A homecoming for Una and Yvette Clarke
The first things that strike you about New York Council Member Yvette Diane Clarke, are her strong authoritative voice, her confidence, and her passion for upliftment. After listening to her, you are left believing that this is a woman on a mission, one you’d like on your side of the court.
Luckily, her mission just now happens to be to help rebuild Jamaica’s values through the Hands Across Jamaica for Righteousness organisation.
“She has a lot to offer those who need her the most,” her proud mother, Dr Una ST Clarke, herself the former council member of the 40th District Brooklyn, said.
Clarke was elected to the New York Council in 2001, succeeding her pioneering mother. Born and raised in Brooklyn, she attended public school in the Borough, which gave her the opportunity to develop lasting friendships with children from central Brooklyn’s ethnically diverse communities while also coming into contact with their various needs.
“I like to tell people I am a ‘Ja’merican’. My mother is Jamaican and I grew up in a household with Jamaican upbringing. The environment was strictly Jamaican,” she tells all woman.
“Coming back (to Jamaica) is very important to me, because I realise that some of the negative elements that I encountered in the US while growing up, have infiltrated Jamaica. There is a breakdown of values. I believe we need to get this back in our society.”
She noted that one example of the breakdown in values is the disrespect shown to elders. “The respect for elders is not there. The elders are the ones who keep Jamaica together. I learnt from my grandmother.

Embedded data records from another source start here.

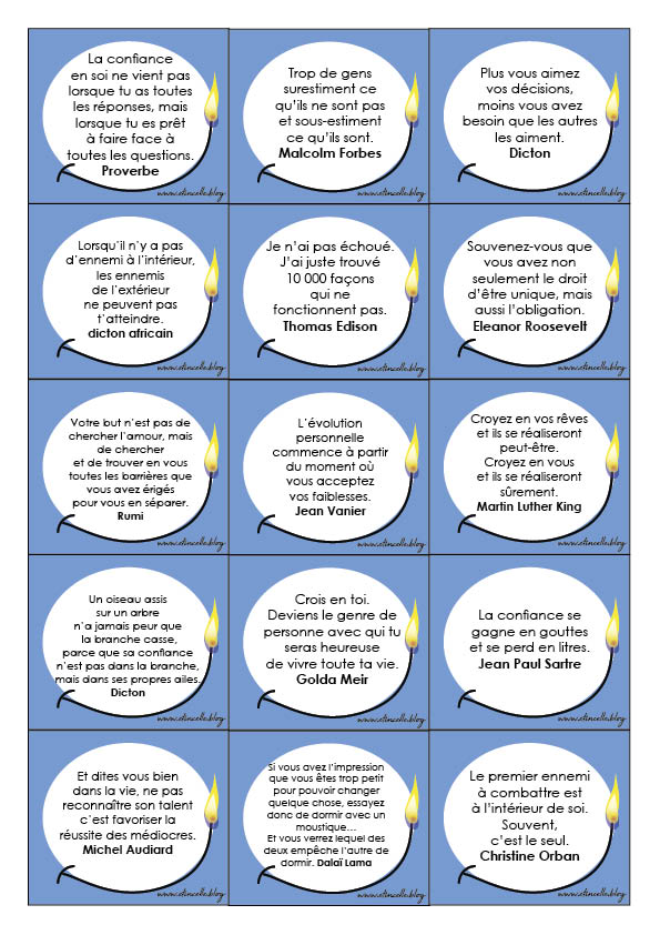 Je vous ai fait une sélection de citations inspirantes, sous formes de cartes. Vous pouvez les imprimer et les découper, en piocher une avec vos enfants pour en discuter.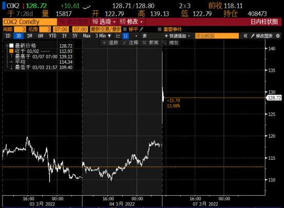 昨日,美国国务卿布林肯表示,总统拜登和政府各部门正讨论是否对俄罗斯实施石油禁运,消息一出,原油价格再度暴涨。3月7日周一,布伦特原油价格一度上涨18%至139.13美元,受此影响,美股三大期指盘前一度跌近2%。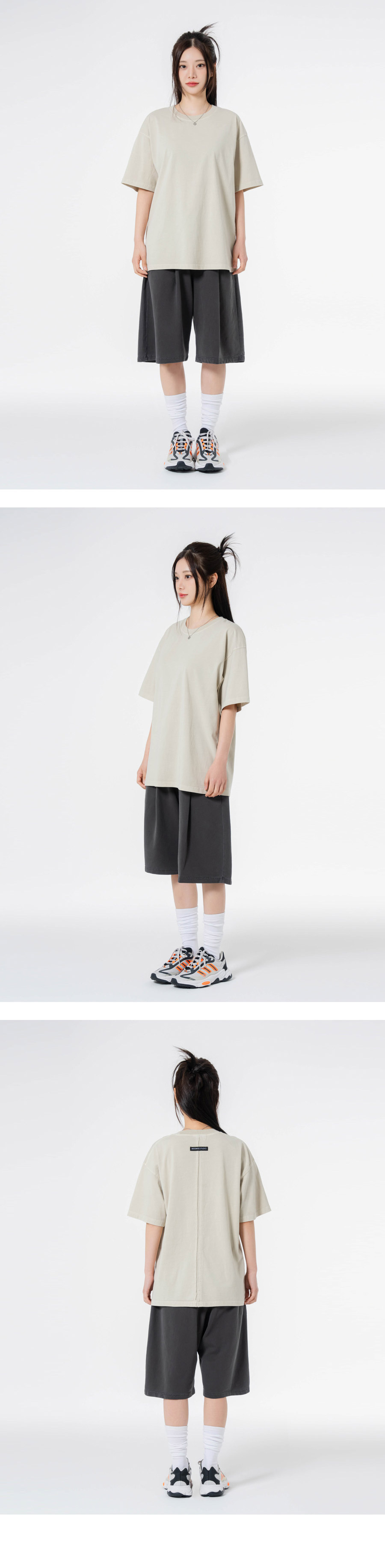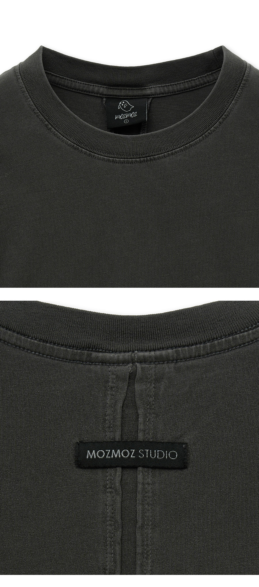 어깨 절개 무지 오버핏 피그먼트 반팔티셔츠 챠콜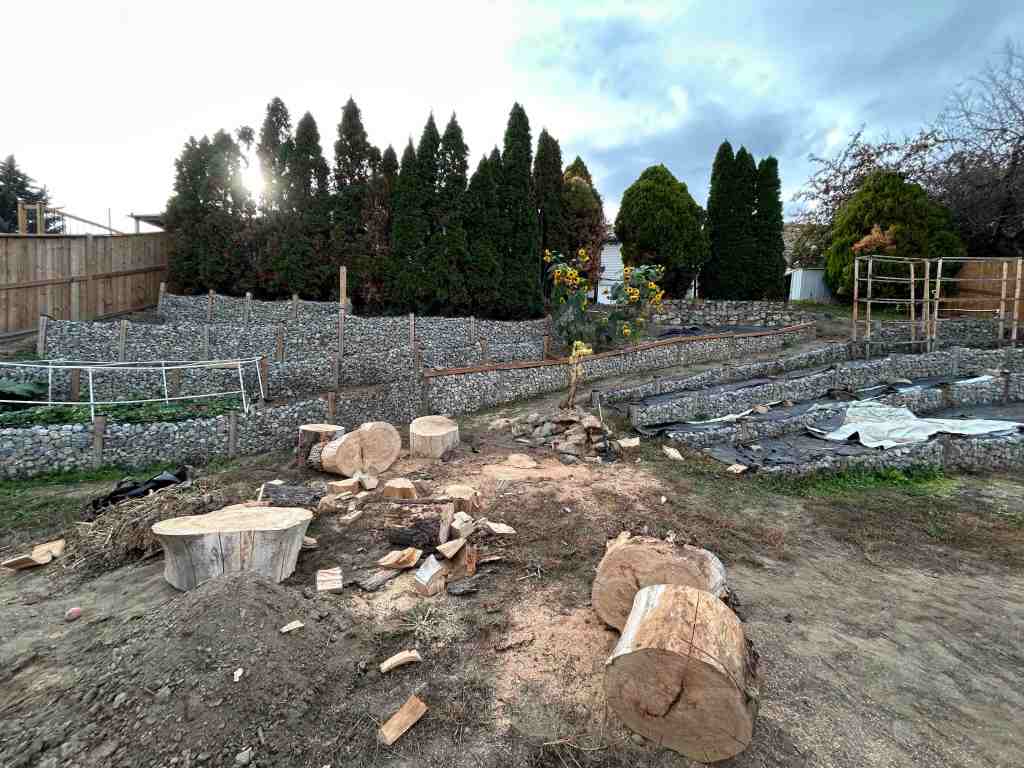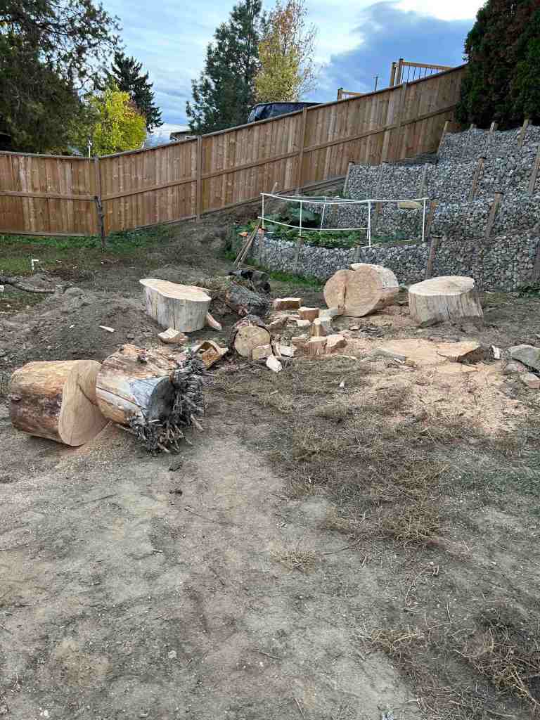 Overall, it is great to have the stump gone. The yard feels much larger without it there. It got cut down yesterday, and when Kurt and I were blowing out the lines this morning, we both noticed how much larger the back feels now. The only task other than cleanup of the logs is to get the stump out. I am going to go and talk with some garden centres about the best option. Ideally, we will drill holes into the stump and pour something in, but we want to make sure it is non-toxic for Basil, as well as our garden. We will get that done before it gets too cold, so that it will hopefully start the rotting process this fall and through the winter into spring. It’s not the end of the world if it isn’t rotted by spring, but it would make landscaping the bottom much easier if it was gone.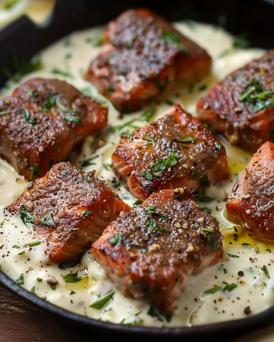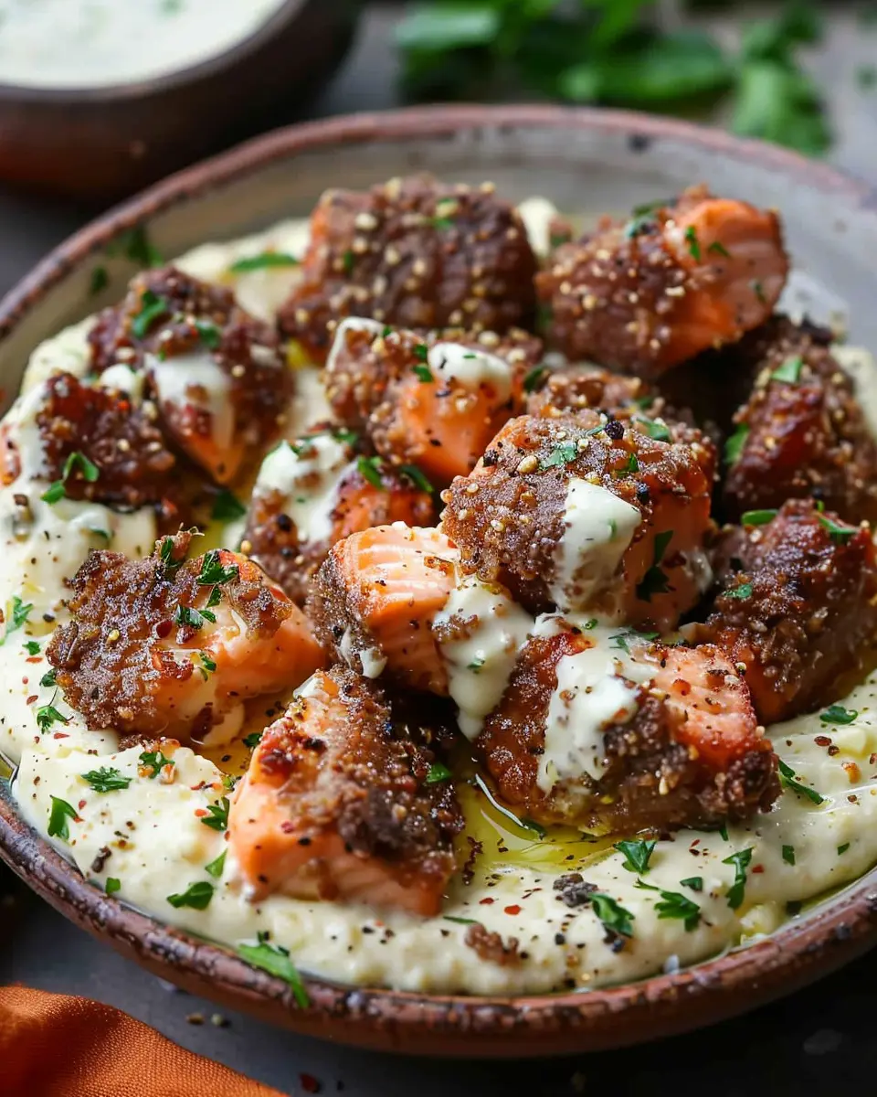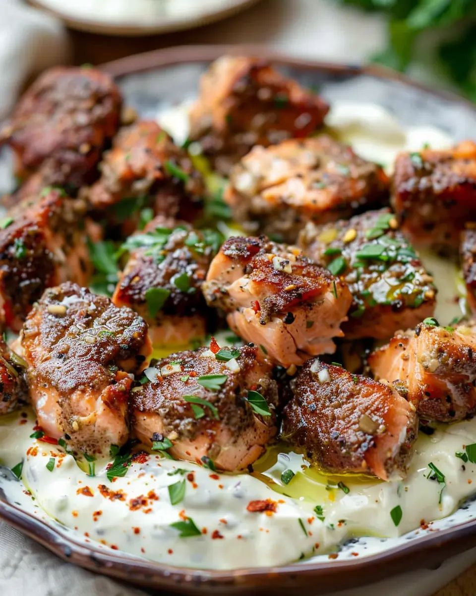 - Drizzle the garlic cream sauce over the salmon bites on a serving plate.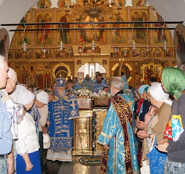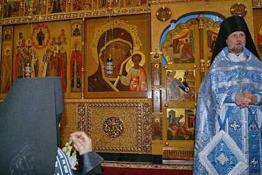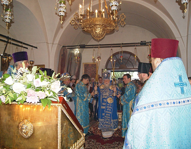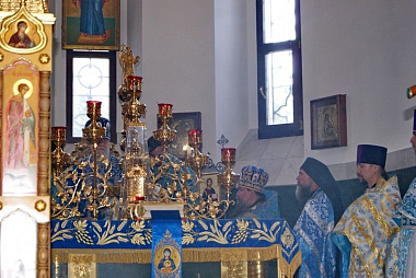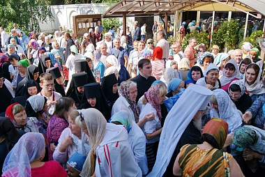 Затем Его Высокопреосвященство обратился к молящимся с архипастырским словом, поздравил игумению Неониллу, сестер, священников обители и прихожан с престольным праздником, поблагодарил за вознесенные совместные молитвы.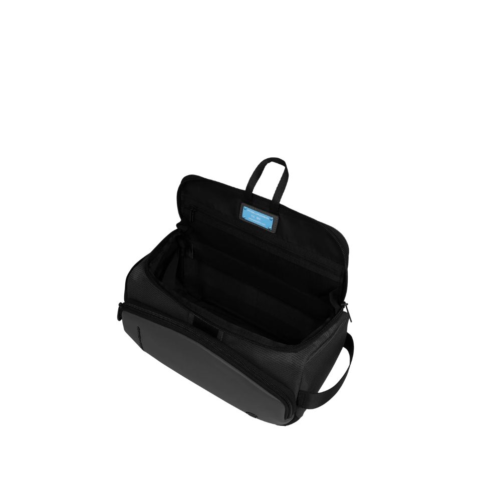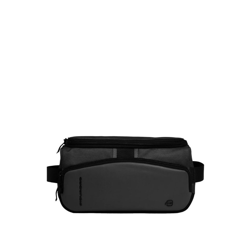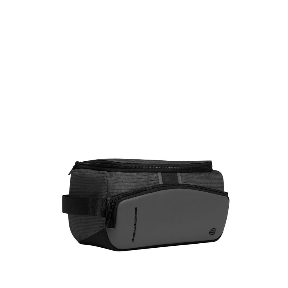Piquadro beauty case in recycled fabric and bio-based material.

In her I saw the love of God.”
The mother daughter team, both professing Christians, were on a four-day visit to Jamaica at the invitation of Yvonne Coke, founder and managing director of Hands Across Jamaica. The organisation celebrated Jamaica Homecoming 2006 between October 14 and 21, under the theme ‘Eternal Father bless our land; bring the family back’.
“This homecoming should be seen as more than just a homecoming,” Clarke said. “We need to spread the word of bringing family back together as the values of families and communities have been misplaced.”
She explained that there is a psychological factor affecting many families and communities, where people revere ‘dons’ and see them as an asset. She recalled the killing of a don some time ago after which community members blocked the roads. The deceased was given a funeral fit for a king, in a glass coffin.
“That was disturbing. It tells me that those families and communities need to be challenged and addressed. Children need to be aware that this is not the norm,” she added.
“We always hear the term ‘children are our future’, but I want to let you know that our children are now, and it is what we invest in them now that will determine tomorrow. I hope everyone will pray for the next generation growing up. They need to learn of love, value and moral standards.”
She said in order to accomplish this, the church needs to play a vital role.
Councilwoman Clarke is a candidate for the United States House of Representatives from New York’s 11th district. She won the Democratic primary on September 12, this year. If she wins in this November’s election, she will fill the seat being vacated by Congressman Major Owens.
Councilwoman Clarke has used her position to speak out on a number of issues relating to the Bush administration policies.
“His whole attitude is leading to the downfall of his own administration,” she pointed out. “I am sure he [President Bush (the sitting president)] is aware that I am not particularly happy with some of his policies. His policies seem to have marginalised blacks and immigrants. Right now there is no partnership between the Caribbean and US. So the question is why haven’t we built with the Caribbean? I believe there is a racial issue here.”
She also co-sponsored city council resolutions that opposed the war in Iraq, criticising the Federal Patriot Act and called for a national moratorium on the death penalty. She has spoken out against budget cuts by Bush and the Republican Congress on federal programmes, such as the violence against women act, the elimination of nutritional food stamp programmes, and early education services for low-income children and families.
And she is not alone in the fight. Her mother Una, supports her daughter’s missions one hundred percent, after setting the stage for her to follow.
“My mother supports me all the way,” Clarke said.
And added the proud mother: “My daughter is not just a beautiful woman, but she is very intelligent and smart.”
Una Clarke held the seat her daughter now holds for 10 years and US Congressman Major Owens broke with democratic party leadership to support her candidacy. Owens was the only elected official from Brooklyn to do so and he continues the campaign. At Owens’ insistence, the 40th district was drawn in such a way as to help assure her election, the council’s first member of Caribbean descent.
Though she has lived abroad for over forty years, the elder Clarke visits Jamaica whenever she can, visiting Victoria Avenue in Kingston and also St Elizabeth.
“Whatever each of us can do to rebuild Jamaica, that is what we need to do,” she said. She noted that even though she was involved in politics, she is proud of the fact that she can say she had served the people with dignity and honesty.
In reference to her daughter now being politically involved in the US, she said, “I always say that a Jamaican will save America. Especially now at a time when you can’t tell Democrat from Republican.”